Judicial Foreclosure
Categories: Banking, Regulations
Out of all of our monthly expenses—mortgage, car payment, utility bills, Jelly of the Month Club—our mortgage is by far the most costly. Sometimes, we daydream about how much more jelly we could buy if we just didn’t have to pay that silly mortgage. But because we’re smart, and because, like...how much jelly can a person really consume in a given month anyway?...we know that we have to continue to pay it. Because, if we don’t, the bank could eventually come and take our house away, leaving us on the street with nothing but our peach preserves.

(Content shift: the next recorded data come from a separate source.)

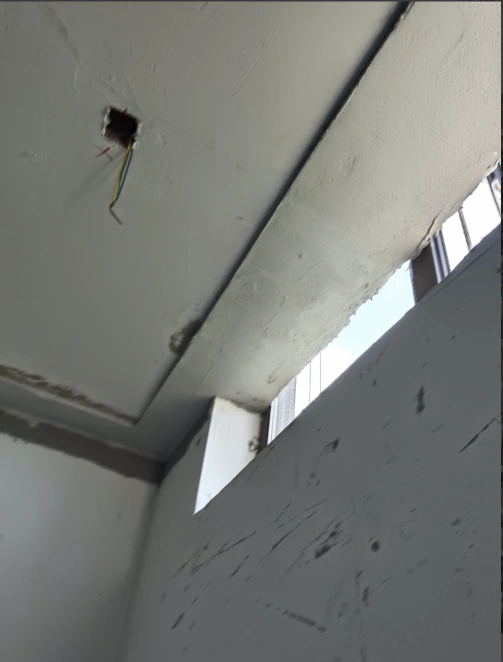 顶棚热桥部位的完工照片、暂时没有刮腻子,注意楼梯间位置的热桥
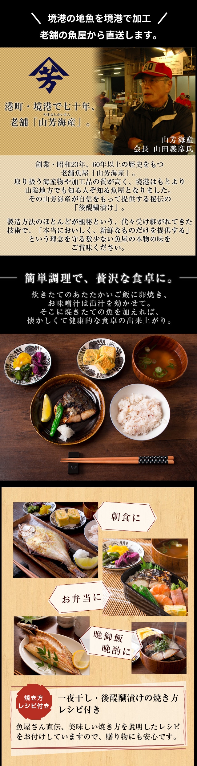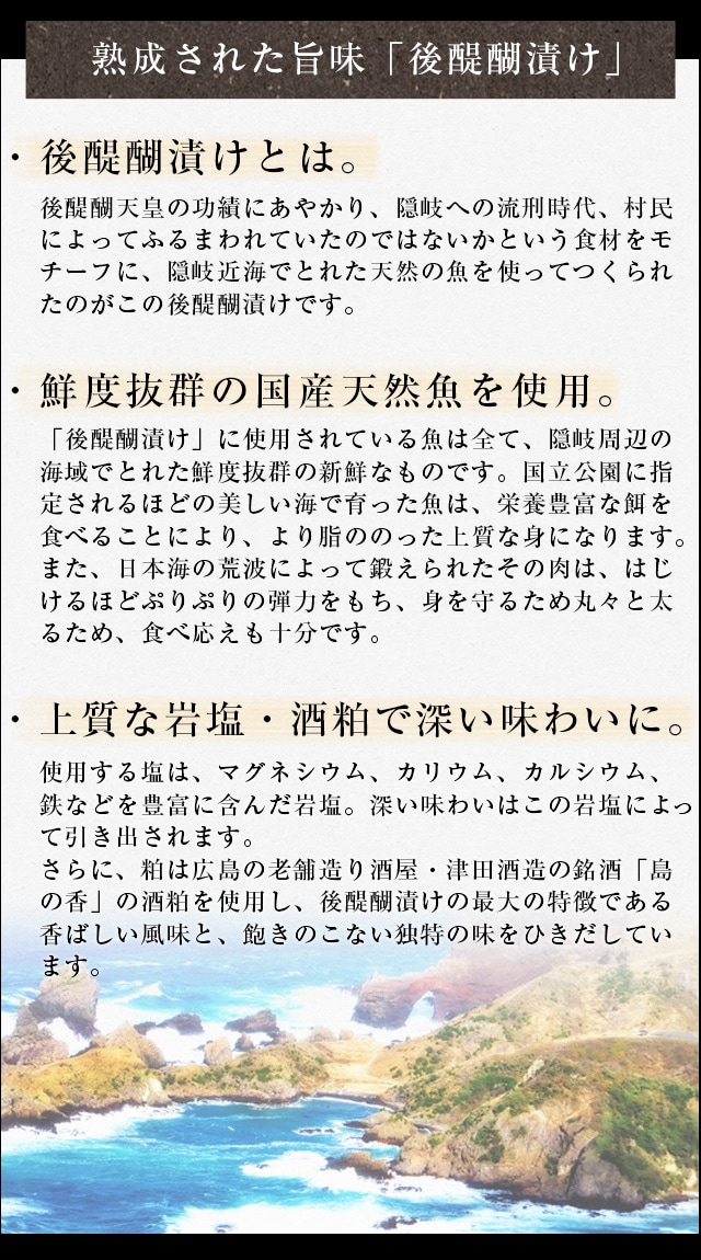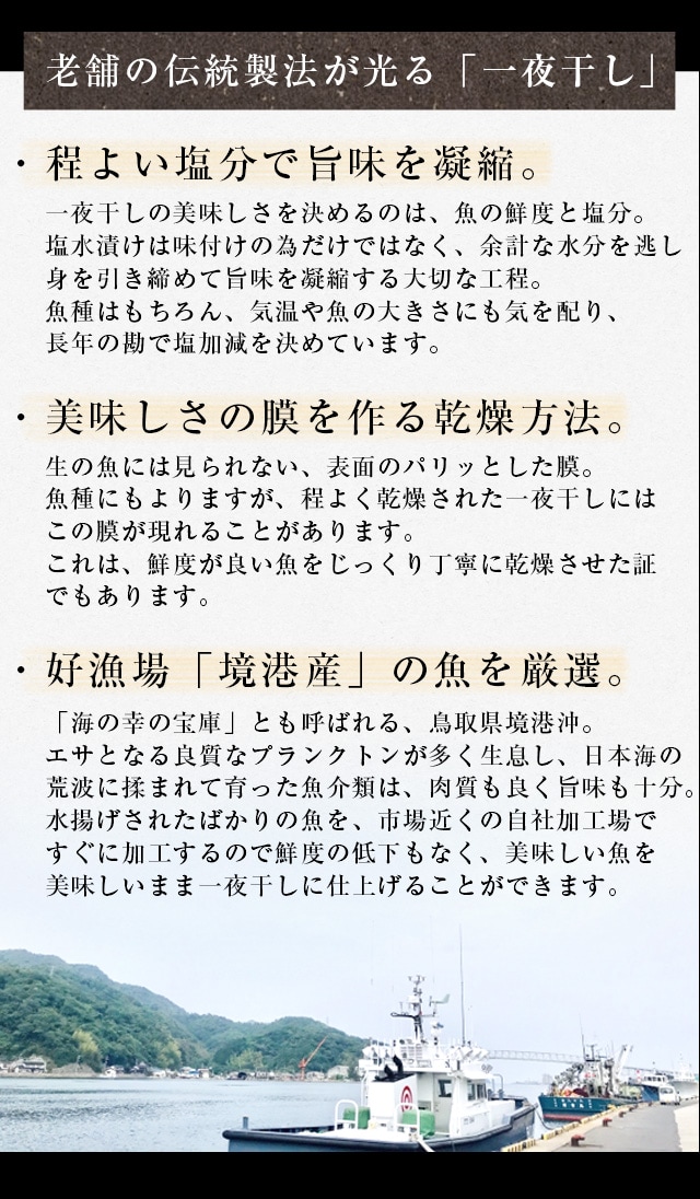 | 原材料名 | 【一夜干し】各種鮮魚(鳥取県産)、食塩 【粕漬け】各種鮮魚(鳥取県産)、米、米こうじ、醸造用アルコール、醸造用糖類、水あめ、米および米こうじの醸造調味料、醸造酢、酸味料、原料糖、食塩/調味料(アミノ酸等)、着色料(カラメル)、(一部に大豆、小麦を含む) |
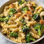 This comforting Rotisserie Chicken Broccoli Pasta combines tender shredded rotisserie chicken with al dente penne pasta and crisp broccoli florets in a rich, creamy sauce made from heavy cream, Parmesan, and mozzarella cheeses. Ready in just 35 minutes, it’s a perfect weeknight dinner that feels indulgent yet uses convenient store-bought ingredients. The sauce is flawlessly smooth and lightly seasoned with Italian herbs, garlic, and a hint of red pepper flakes for warmth. A knob of butter at the end gives it a silky, restaurant-quality finish that will have your family asking for seconds.
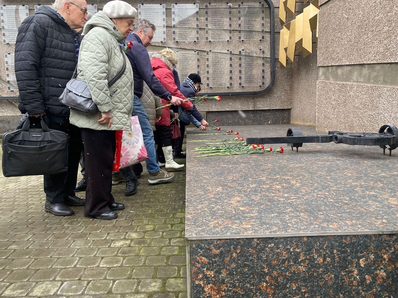 Особо торжественной нотой стало возложение цветов к стеле «Героям Ленфильма» — монументу, увековечившему память сотрудников киностудии, ушедших на фронт в годы Великой Отечественной войны. Ветераны возложили алые гвоздики к подножию стелы и почтили память погибших кинематографистов миной молчания.
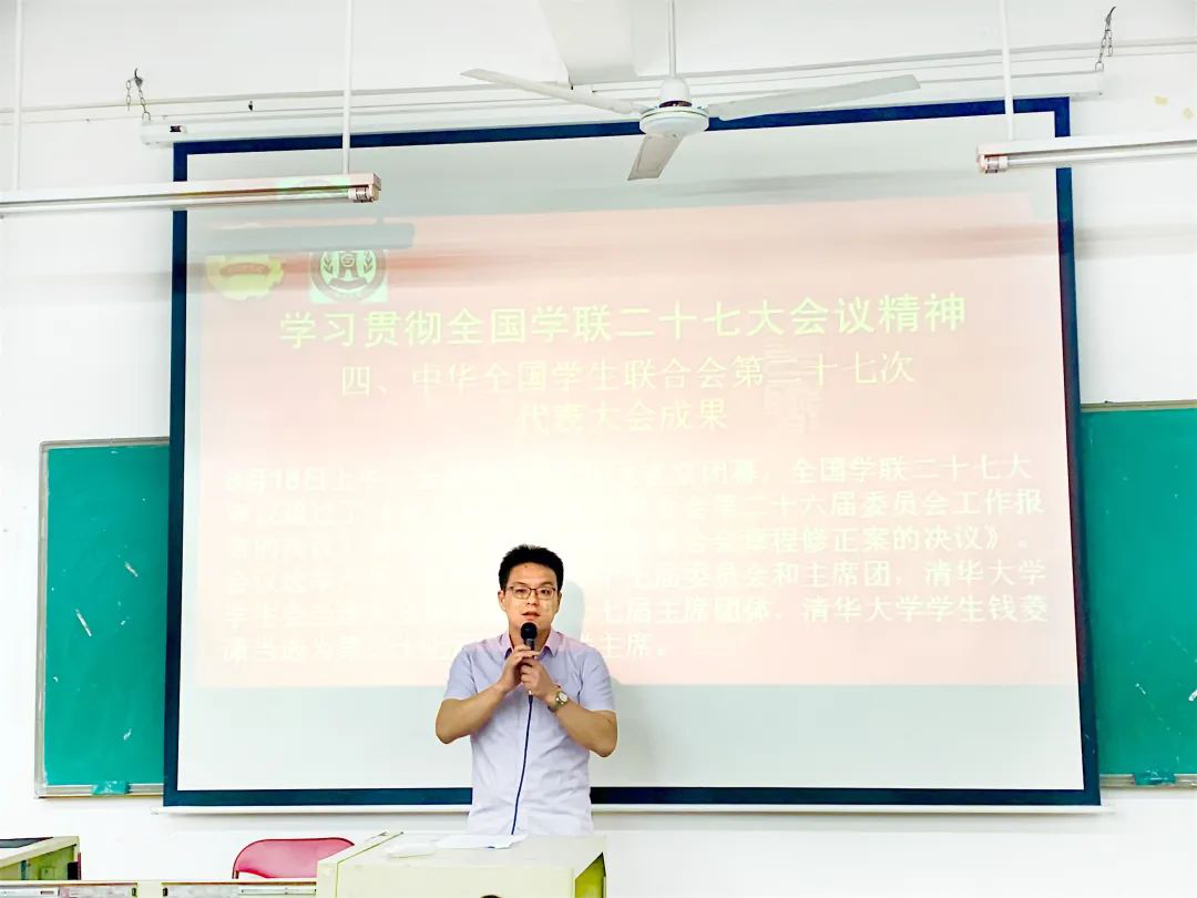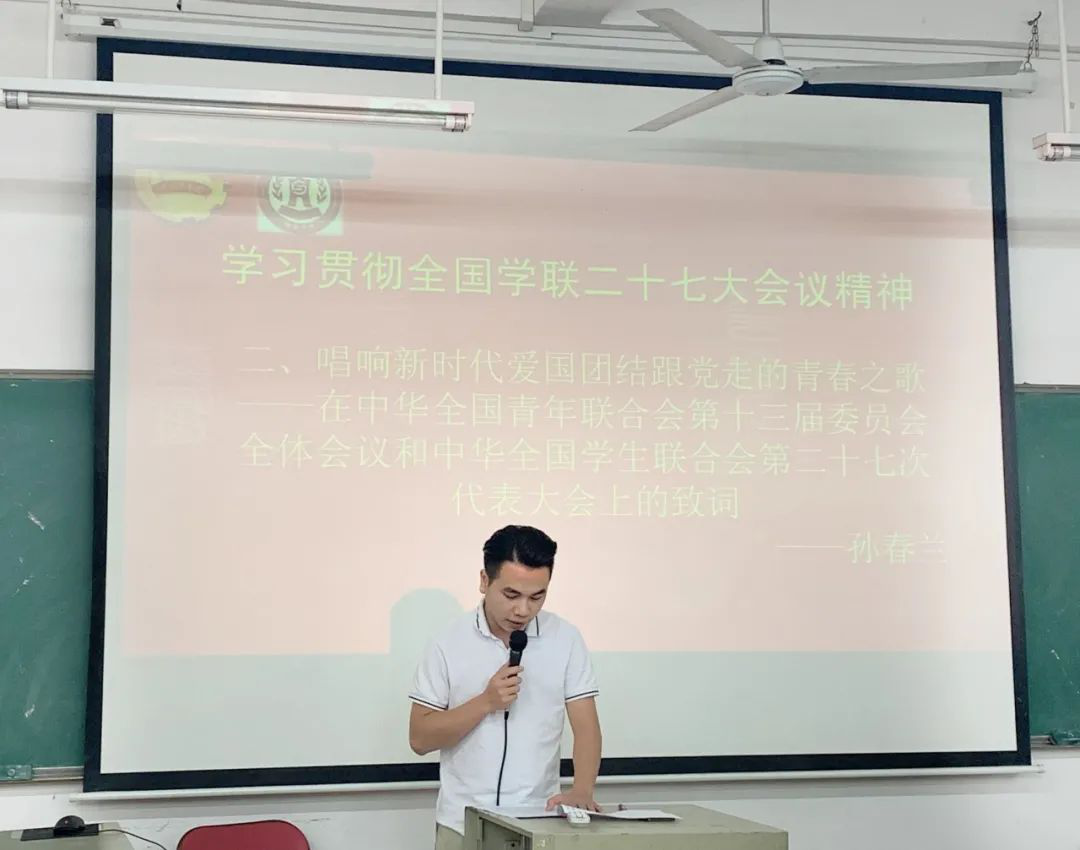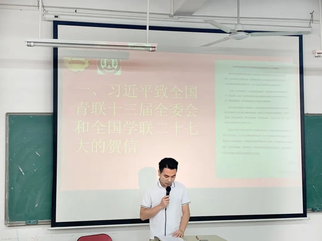 会议伊始,主要深入学习习近平总书记贺信、孙春兰副总理讲话和学联报告等内容,深刻领悟新时代青年大学生的时代责任和发展机遇。随后,梁文辉老师传达了全国学联二十七大会议精神,分享各高校学生会建设、学生工作中的共性问题和创新举措,谈到习近平总书记总是会在百忙之中抽出时间同年轻人对话,关心青年成长成才,对广大青年坚定跟党走、奋进新时代的期许,并指出了高校学生会组织改革的意义和关键点。
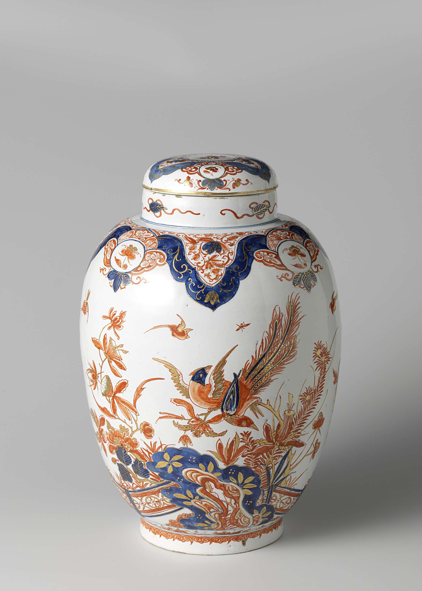 Pot van faïence met een platte deksel. Veelkleurig beschilderd met bloemtakken en vogels. (Nederlands)
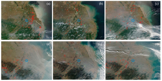 Figure 10. True color images derived from MODIS 2 km fires counts (a) 20170526.terra, (b) 20170527.aqua, (c) 20170602.terra, (d) 20171224.aqua, (e) 20171225.terra, and (f) 20171226.aqua.
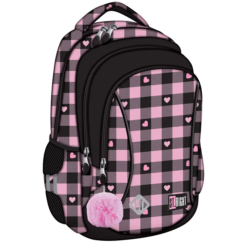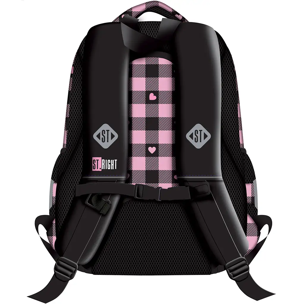 Šolska torba St.Right Pink-Black Heart BP26 je resnično čudovita izbira za vsako šolarko, ki ima rada simpatične, vendar hkrati praktične dodatke! Rožnato-črni karo vzorec krasijo majhni srčki, ki torbi dajejo vesel in edinstven videz. Mehka, roza cofka na sprednji strani doda nahrbtniku še bolj igriv in moden pridih.
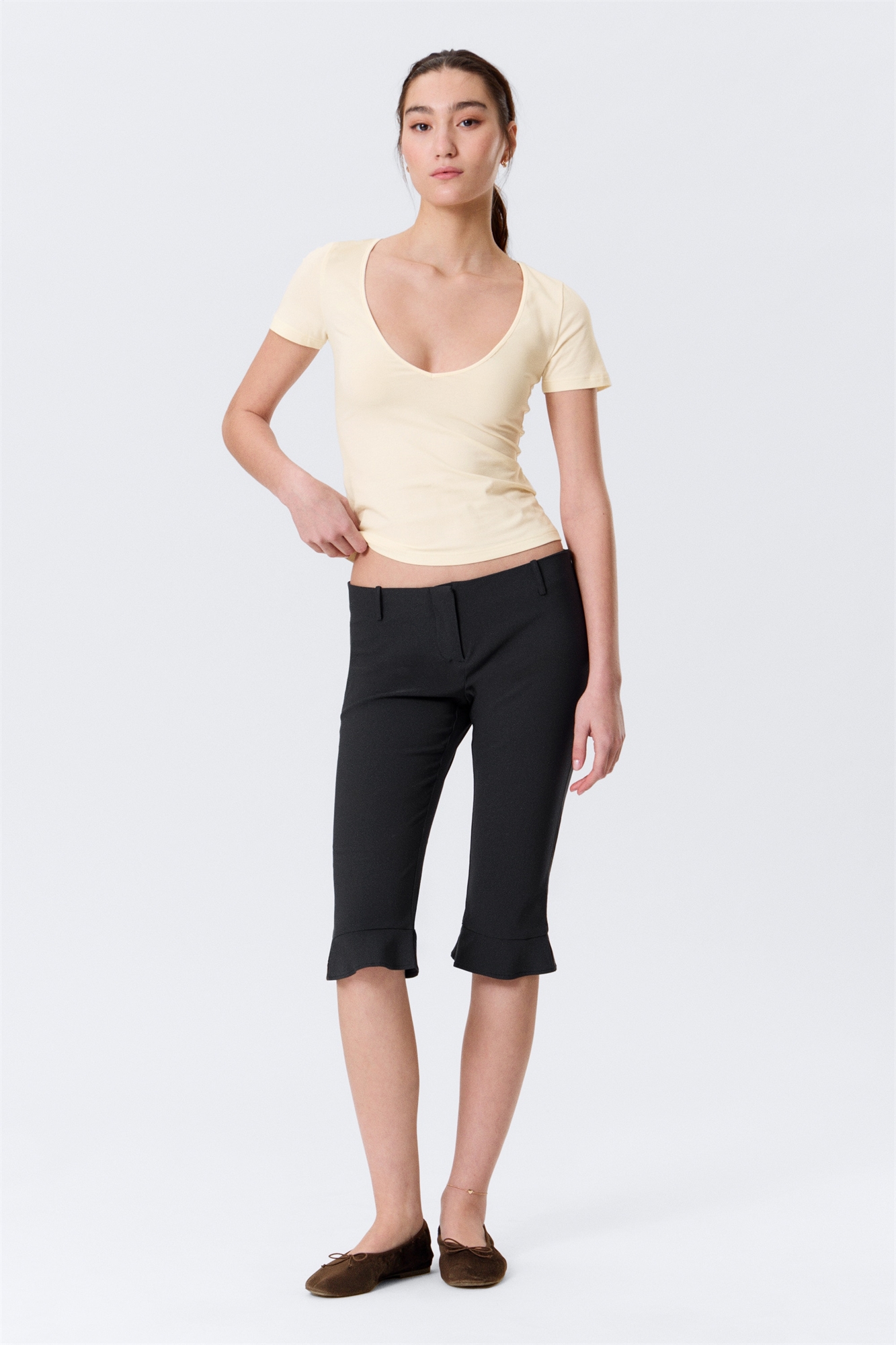 Брюки-капри с низкой посадкой, сшитые из тканого костюмного полотна. Модель с зауженным силуэтом, длиной чуть ниже колена, шлевками для ремня и потайной застежкой-молнией с крючком и петелькой. Низ брюк слегка расклешен.

Foreclosure—the process of the bank taking our house away—can be initiated one of two ways. One of those ways happens in the courts and is known as a “judicial foreclosure.” In some states, the law says that a mortgage lender needs to file a lawsuit in order to foreclose on a property. The court then decides yay or nay, and in some cases, they also decide on the debt amount needed to settle the situation.
The good news about judicial foreclosures is that the homeowner has a chance to defend himself. If he gives a good enough reason for his spotty payment history (“We needed more jelly” is probably not a good enough reason), then the judge can, in some cases, work out a payment plan to avoid an actual foreclosure.
Note to homeowners: judicial foreclosures don’t happen everywhere. In some states, lenders don’t have to go through the courts to initiate a foreclosure. They still have to give plenty of notice—and we’re probably already aware that we’re in trouble if we’re that delinquent on our mortgage payments—but the whole lawsuit-filing part isn’t necessary. It helps to know the laws wherever we decide to make our home.